Releases: alexklibisz/elastiknn
Releases · alexklibisz/elastiknn
0.1.0-PRE21
- Re-implemented LSH and sparse-indexed queries using an optimized custom Lucene query based on the TermInSetQuery.
This is 3-5x faster on LSH benchmarks. - Updated L1, and L2 similarities such that they're bounded in [0,1].
0.1.0-PRE20
- Added an option for LSH queries to use the more-like-this heuristics to pick a subset of LSH hashes to retrieve candidate vectors.
Uses Lucene's MoreLikeThis class
to pick a subset of hashes based on index statistics. It's generally much faster than using all of the hashes,
yields comparable recall, but is still disabled by default.
0.1.0-PRE19
- Omitting norms in LSH and sparse indexed queries.
This shaves ~15% of runtime off of a sparse indexed benchmark.

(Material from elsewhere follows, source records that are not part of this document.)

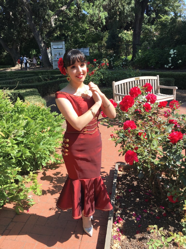 By the time Elena was in high school, her interest in creating clothes for herself was at an all time high. The first garment she ever made was a strapless dress for her Senior Project. The Senior Project required all seniors at her high school to work with a mentor to learn a new skill. After learning that new skill, a final paper would have to be submitted. By this time, Elena was confident using the sewing machine, but didn’t know how to make a pattern and put it all together. Her mentor was a tailor who made men’s pants. Pattern making has been a skill she has continued to use ever since.
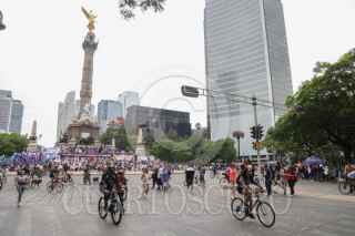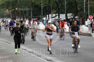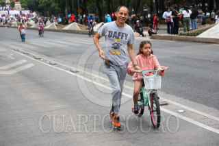 CIUDAD DE MÉXICO, 25MAYO2025.- Ciudadanos corren o andan en bicicleta durante el Paseo Ciclista, el cual como cada domingo se lleva a cabo en Reforma. Padres e hijos se dan cita para realizar actividad física y mantenerse en forma. FOTO: MOISÉS PABLO/CUARTOSCURO.COM
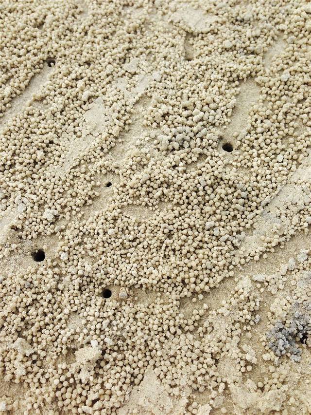 在沙滩上有密密麻麻的小洞,不仔细看根本发现不了,原来这些都是小螃蟹的窝~~
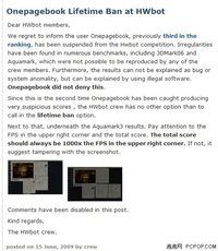 [泡泡网主板频道6月17日]北京时间2009年6月16日,HWbot(HWbot.org)在世界范围内发表公告,称之前在其综合超频排行榜总成绩排名第三的台湾玩家“狂少”(ID:Onepagebook,以下简称OPB),由于无法解释其3DMark06以及Aquamark超频数据中所出现的不正常得分情况,已被HWbot禁止参加该网站举办的一切超频排行及竞赛活动。此事已成为本年度继“LT”战

Results for LSH weren't as meaningful unfortunately.
0.1.0-PRE18
- Removed the internal vector caching and instead using
sun.misc.Unsafe
to speed up vector serialization and deserialization.

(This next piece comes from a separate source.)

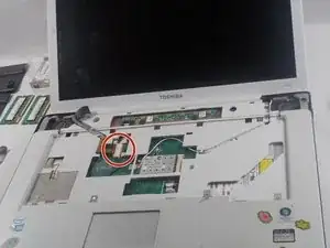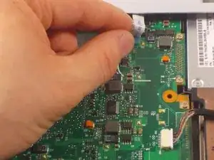 Отсоедините белый пластиковый разъём оплётного кабеля дисплея.

The result is actually faster queries without caching than it previously had with caching.
Also able to remove the protobuf dependency which was previously used to serialize vectors. - Upgraded Elasticsearch version from 7.4.0 to 7.6.2.
Attempted to use 7.7.1 but the Apache Lucene version used in 7.7.x introduces a performance regression (Details).
Switching from Java 13 to 14 also yields a slight speedup for intersections on sparse vectors.
0.1.0-PRE17
- Internal change from custom Lucene queries to FunctionScoreQueries. This reduces quite a bit of boilerplate code and
surface area for bugs and performance regressions. - Add optional progress bar to Python ElastiknnModel.
0.1.0-PRE16
- Updated client-elastic4s to use elastic4s version 7.6.0.
- Implemented a demo webapp using Play framework. Hosted at demo.elastiknn.klibisz.com.
0.1.0-PRE15
- Implemented LSH for Hamming, Angular, and L2 similarities.
- First pass at a documentation website.
0.1.0-PRE14
- Implemented LSH for Hamming, Angular, and L2 similarities.
- First pass at a documentation website.
0.1.0-PRE12
- Implemented LSH for Hamming, Angular, and L2 similarities.
- First pass at a documentation website.
0.1.0-PRE10
- Introduced a cache for exact similarity queries that maintains deserialized vectors in memory instead of repeatedly
reading them and deserializing them. By default the cache entries expire after 90 seconds. - Fixed a mapping issue that was causing warnings to be printed at runtime. Specifically, the term fields corresponding
to a vector should be given the same name as the field where the vector is stored. A bit confusing, but it works.